Cerita terjadi di desa Gantung, Kabupaten Gantung, Belitung Timur. Dimulai ketika sekolah Muhammadiyah terancam akan dibubarkan oleh Depdikbud Sumsel jikalau tidak mencapai siswa baru sejumlah 10 anak. Ketika itu baru 9 anak yang menghadiri upacara pembukaan, akan tetapi tepat ketika Pak Harfan, sang kepala sekolah, hendak berpidato menutup sekolah, Harun dan ibunya datang untuk mendaftarkan diri di sekolah kecil itu.

Mulai darisanalah dimulai cerita mereka.

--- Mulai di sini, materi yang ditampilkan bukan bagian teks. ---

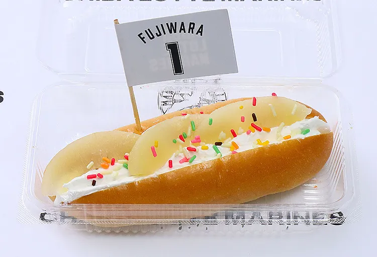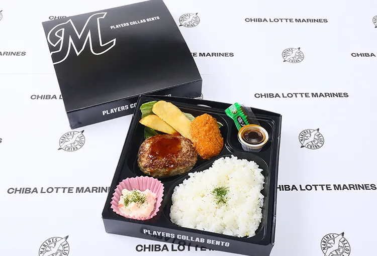 藤原選手の“好き”をぎゅっと詰め込んだ応援グルメ!ジューシーハンバーグに、俵型カニクリームコロッケ。ポテトも添えて、観戦しながら楽しめるランチでBOXです。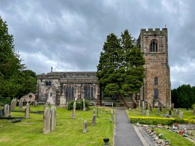 Church of St Lawrence and Coffin Lids and Benches on South Side, church in Staffordshire Moorlands, UK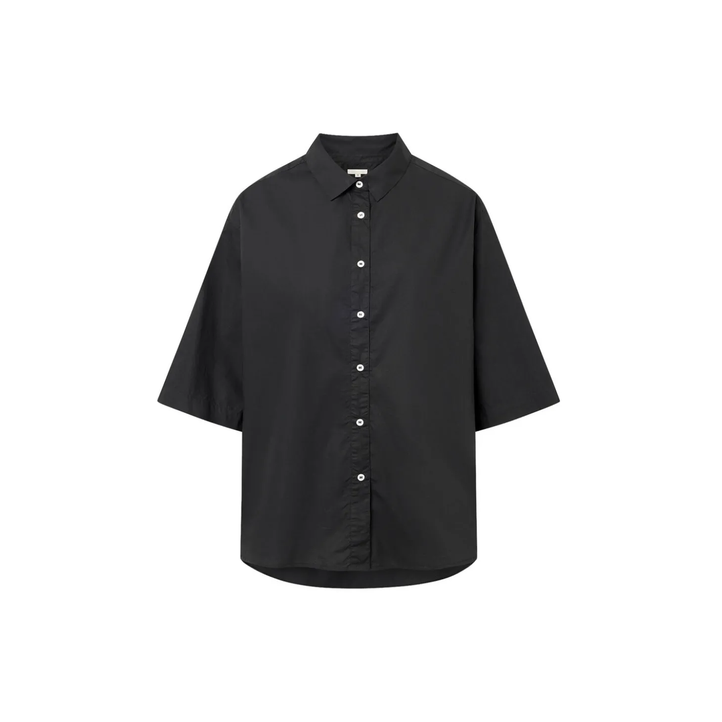 Fin skjorte i et oversized og herreinspireret fit med korte ærmer, almindelig krave og gennemknappet stolpelukning. Cecilia shirt er produceret i en let, økologisk bomuldspoplin, og alle indvendige syninger er med franske sømme for en delikat og luksuriøs finish. Få et stilfuldt, men alligevel afslappet sommersæt ved at sætte skjorten sammen med de klassiske Norah shorts eller de lidt kortere Jasmin shorts. Lav gerne et lille opsmøg på ærmet, så looket bliver endnu mere casual.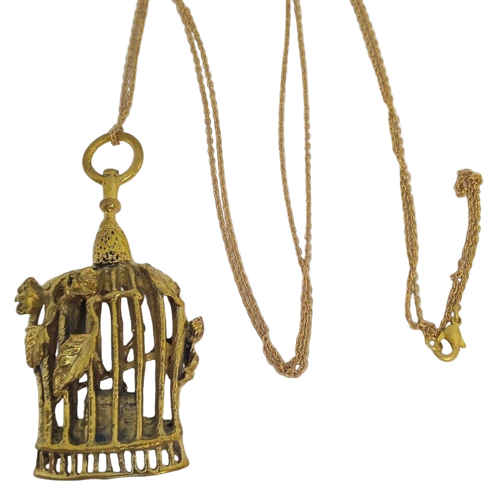 Este collar dorado con colgante en forma de jaula vacía es una joya cargada de simbolismo y belleza artesanal. La jaula, rodeada de delicadas ramas y hojas, representa la libertad interior y el poder de lo natural que crece incluso fuera de los límites. Su diseño detallado y poético convierte esta pieza en una declaración de estilo y significado, perfecta para mujeres que valoran la autenticidad y la expresión personal.
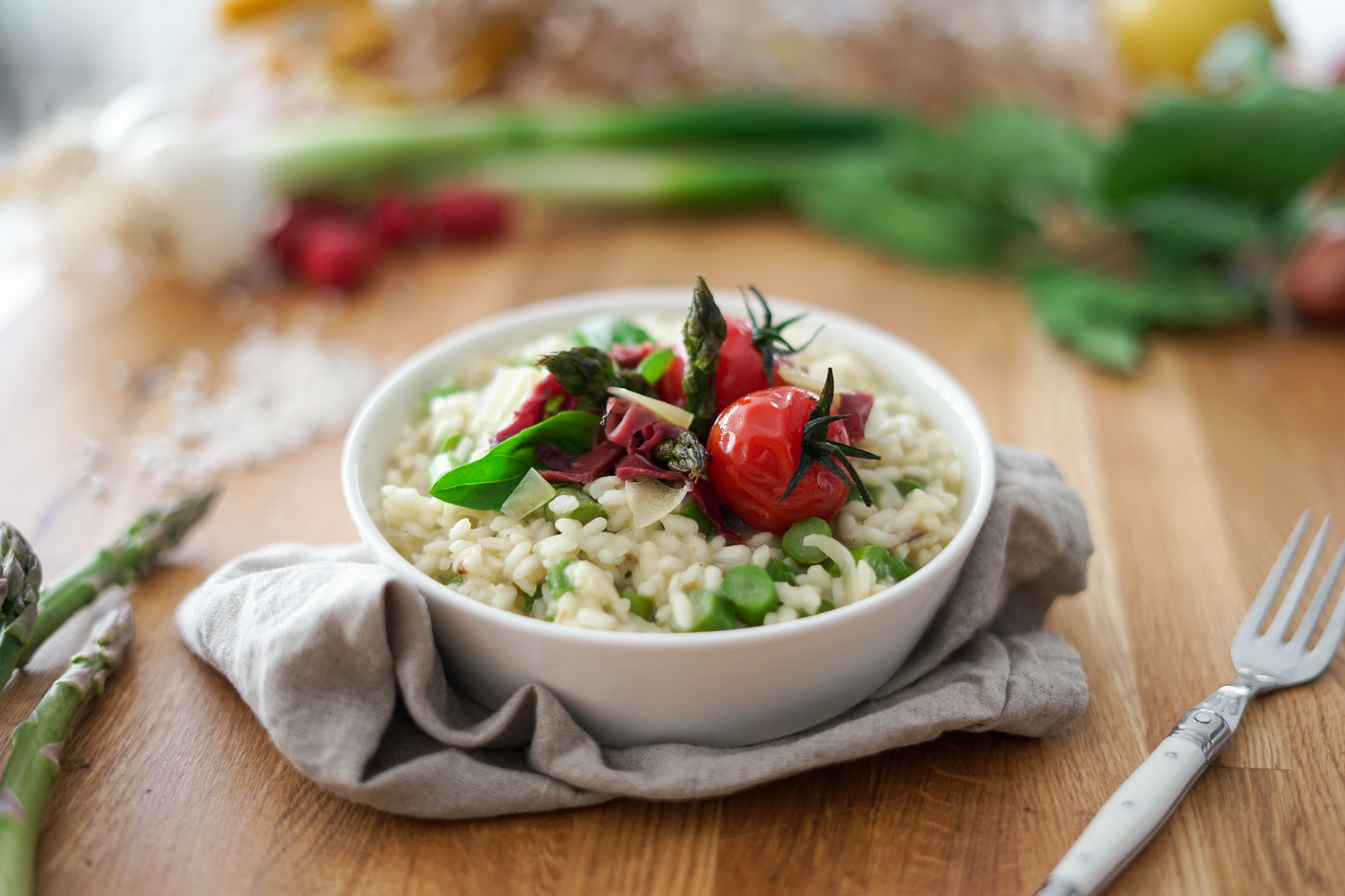 - Dressez votre risotto dans des assiettes creuses en disposant sur le dessus les pointes d’asperges, quelques tomates cerises, le jambon cru, quelques copeaux de parmesan et quelques feuilles de basilic.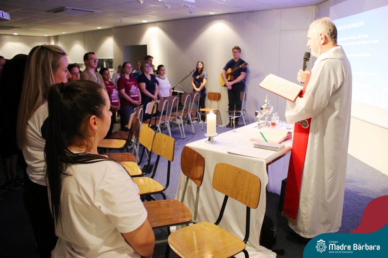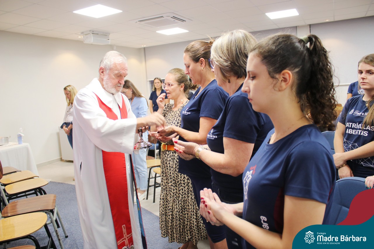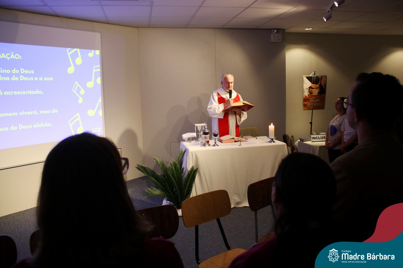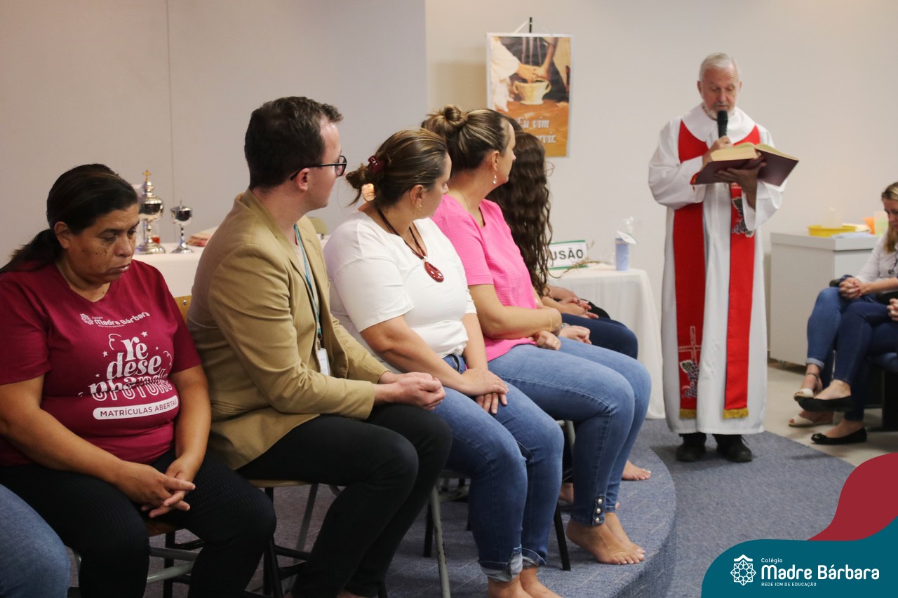 A Semana Santa e o Tríduo Pascal, são bênçãos que Deus nos concede para que entremos um pouco mais no mistério do seu amor. O Papa Francisco assim se expressa diante da situação de mundo que vivemos quando nos diz: “milhões de pessoas sofrem e morrem de fome, enquanto se descartam toneladas de alimento. Isto constitui um verdadeiro escândalo. A fome é criminosa, a alimentação é um direito alienável. ” O gesto do lava-pés é repleto da espiritualidade do cuidado. Cuidar é envolver-se com o outro, ou com a comunidade de vida, mostrando zelo e preocupação. É por este motivo pensando no outro, que na noite de segunda-feira (03.04) foi celebrada a Ceia com professores e funcionários, com o coração agradecido por tantas graças recebidas.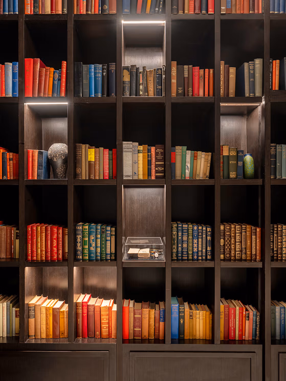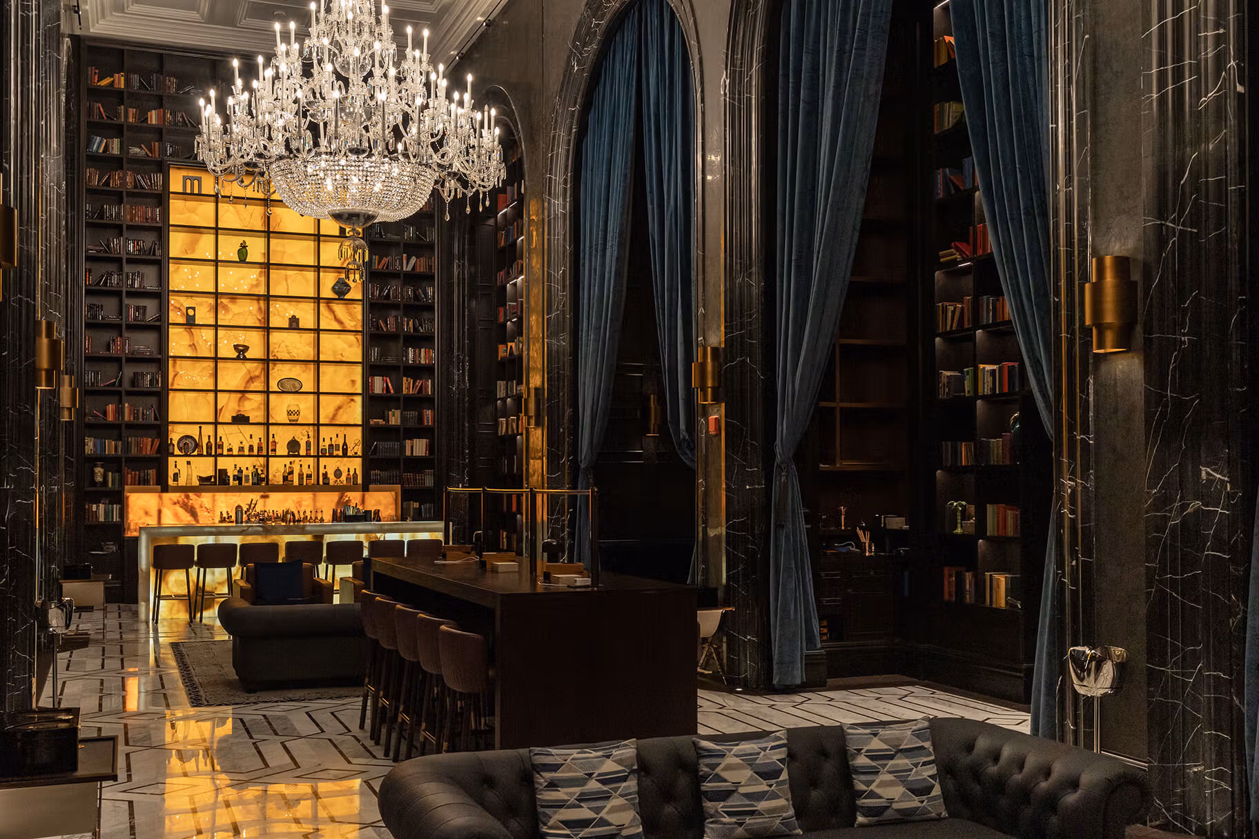 The library in the Blue Cigar Lounge is the pulsating cultural heart of the project, a pediment to the celebration of the exchange of cultures. Curated to create a unique guest experience, the bar is surrounded by books, inviting conversation, shared experiences, and the indulgence of a wealth of knowledge drawn from diverse cultures.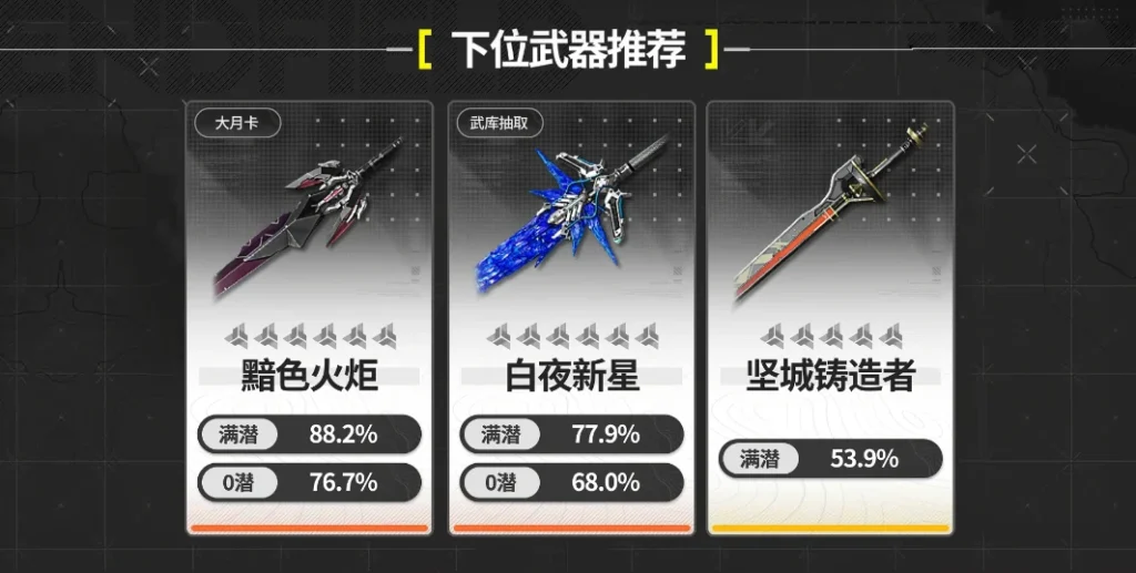 - 【黯色火炬】:大月卡武器,它的效果是場上沒有一個敵人被施加燃燒或腐蝕狀態,裝備者造成的灼燒傷害提升22.4%,最多疊兩層。這個buff疊滿的情況下,提供的灼熱傷害加成還是不錯的。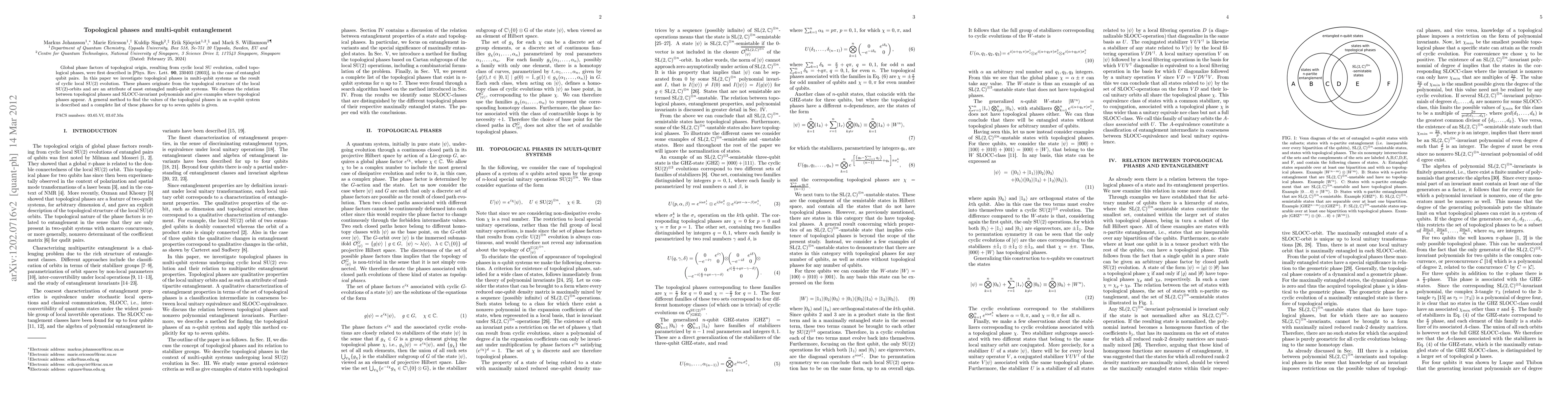 Global phase factors of topological origin, resulting from cyclic local $\rm{SU}$ evolution, called topological phases, were first described in [Phys. Rev. Lett. {\bf 90}, 230403 (2003)], in the case of entangled qubit pairs. In this paper we investigate topological phases in multi-qubit systems as the result of cyclic local $\rm{SU(2)}$ evolution. These phases originate from the topological structure of the local $\rm{SU(2)}$-orbits and are an attribute of most entangled multi-qubit systems. We discuss the relation between topological phases and SLOCC-invariant polynomials and give examples where topological phases appear. A general method to find the values of the topological phases in an $n$-qubit system is described and a complete list of these phases for up to seven qubits is given.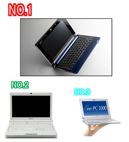 3位はASUSの「EeePC」シリーズから10型ワイド液晶を搭載した「EEEPC1000H-X」が入った。メモリは1GB、HDDは160GBで、本体カラーはファインエボニー、パールホワイトの2色。ちなみに、1位から3位まで、いずれもCD/DVDドライブを装備していない。市販のパッケージソフトをインストールする場合は、外付けCD/DVDドライブを別途用意するか、最近増えつつあるUSBメモリに収録されたソフトなどを利用しよう。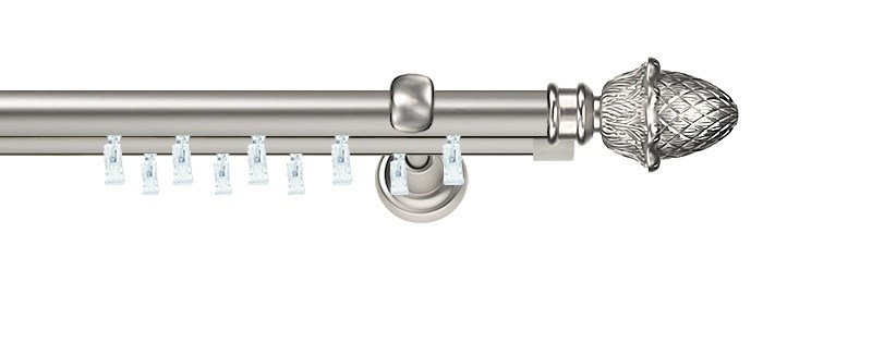 Záclonové tyče jsou kovové, galvanicky pokovené s příslušnou povrchovou úpravou. Odolnost proti oděru zajišťuje kvalitní vrstva laku.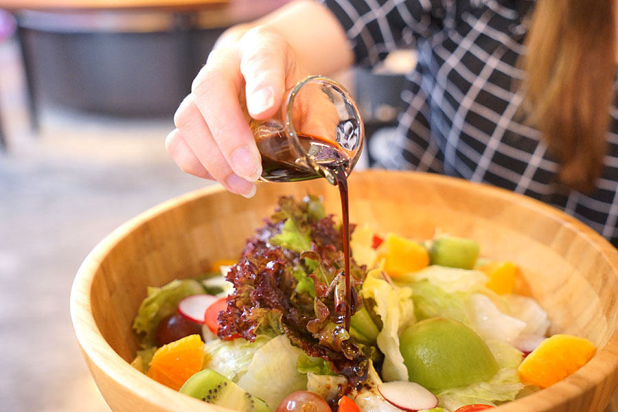 綠野仙蹤的鮮蔬果,滿大一盆的沙拉,當天看很多來拍照的女生都點這份,淋醬部分有日式胡麻醬跟法式凱薩醬可以搭配,裡面除了蔬菜外,水果也很多唷!輕鬆簡單沒負擔。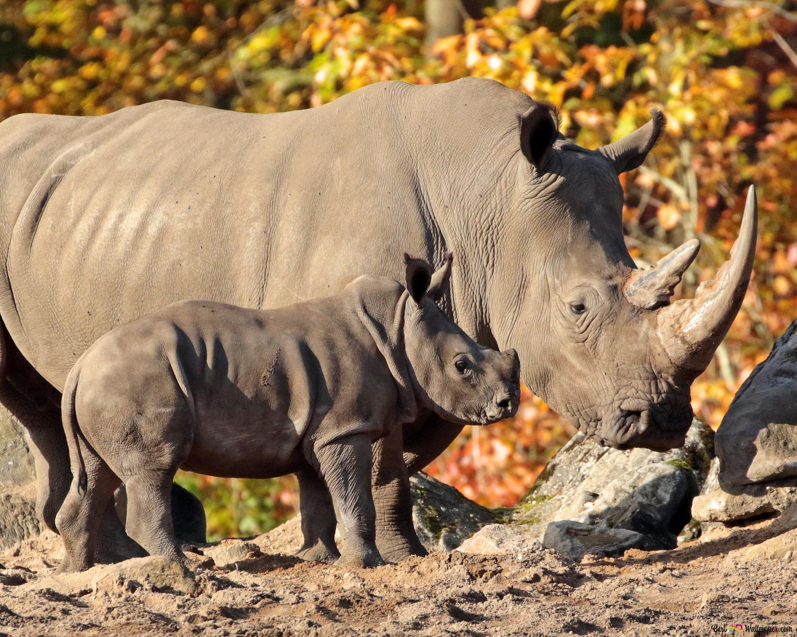 Белый носорог с детенышем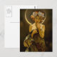 Mulher bonita com flores no cabelo e pontas dos dedos nos lábios, envolta em tecido estrelado, com ombros nus, em pé no brilho da lua crescente. Litografia Art Nouveau de 1902 do artista tcheco Alphonse Mucha (1860-1939), intitulada "Clair de Lune", de "Les Etoiles".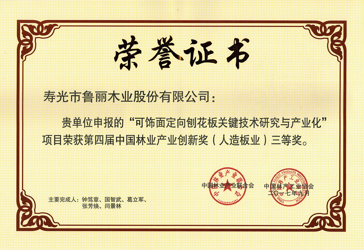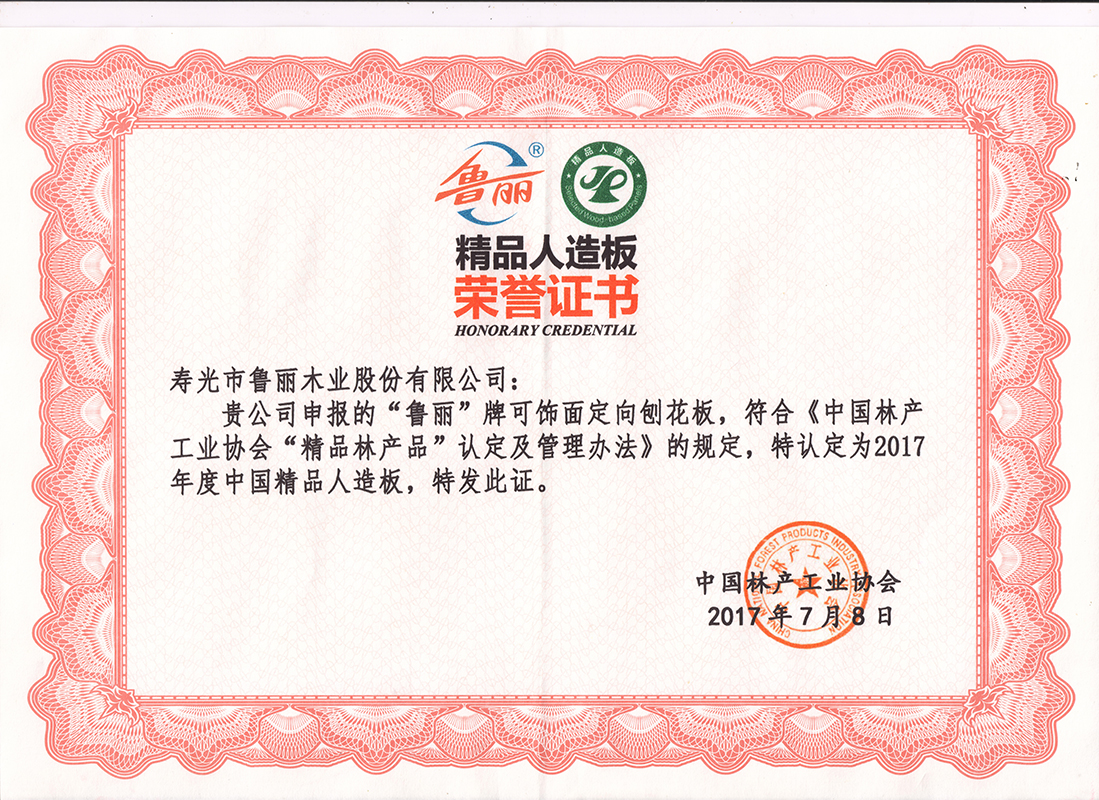 金鲁丽定向刨花板荣获...

Mulai dari penempatan tempat duduk, pertemuan mereka dengan Pak Harfan, perkenalan mereka yang luar biasa di mana A Kiong yang malah cengar-cengir ketika ditanyakan namanya oleh guru mereka, Bu Mus. Kejadian bodoh yang dilakukan oleh Borek, pemilihan ketua kelas yang diprotes keras oleh Kucai, kejadian ditemukannya bakat luar biasa Mahar, pengalaman cinta pertama Ikal, sampai pertaruhan nyawa Lintang yang mengayuh sepeda 80 km pulang pergi dari rumahnya ke sekolah!

Mereka, Laskar Pelangi – nama yang diberikan Bu Muslimah akan kesenangan mereka terhadap pelangi – pun sempat mengharumkan nama sekolah dengan berbagai cara. Misalnya pembalasan dendam Mahar yang selalu dipojokkan kawan-kawannya karena kesenangannya pada okultisme yang membuahkan kemenangan manis pada karnaval 17 Agustus, dan kejeniusan luar biasa Lintang yang menantang dan mengalahkan Drs. Zulfikar, guru sekolah kaya PN yang berijazah dan terkenal, dan memenangkan lomba cerdas cermat. Laskar Pelangi mengarungi hari-hari menyenangkan, tertawa dan menangis bersama. Kisah sepuluh kawanan ini berakhir dengan kematian ayah Lintang yang memaksa Einstein cilik itu putus sekolah dengan sangat mengharukan, dan dilanjutkan dengan kejadian 12 tahun kemudian di mana Ikal yang berjuang di luar pulau Belitong kembali ke kampungnya. Kisah indah ini diringkas dengan kocak dan mengharukan oleh Andrea Hirata, kita bahkan bisa merasakan semangat masa kecil anggota sepuluh Laskar Pelangi ini!

Kelemahan Novel

Kelemahannya yaitu penggunaan nama-nama ilmiah dalam cerita- ceritanya. Hal ini membuat pembaca kurang nyaman dalam membaca. Apalagi glosarium diletakkan di bagian belakang novel. Hal ini menambah ketidakpraktisan memahami istilah-istilah ini. Selain itu, imajinasi pembaca bisa terhambat jika mereka tak memahami istilah-istilah tersebut. 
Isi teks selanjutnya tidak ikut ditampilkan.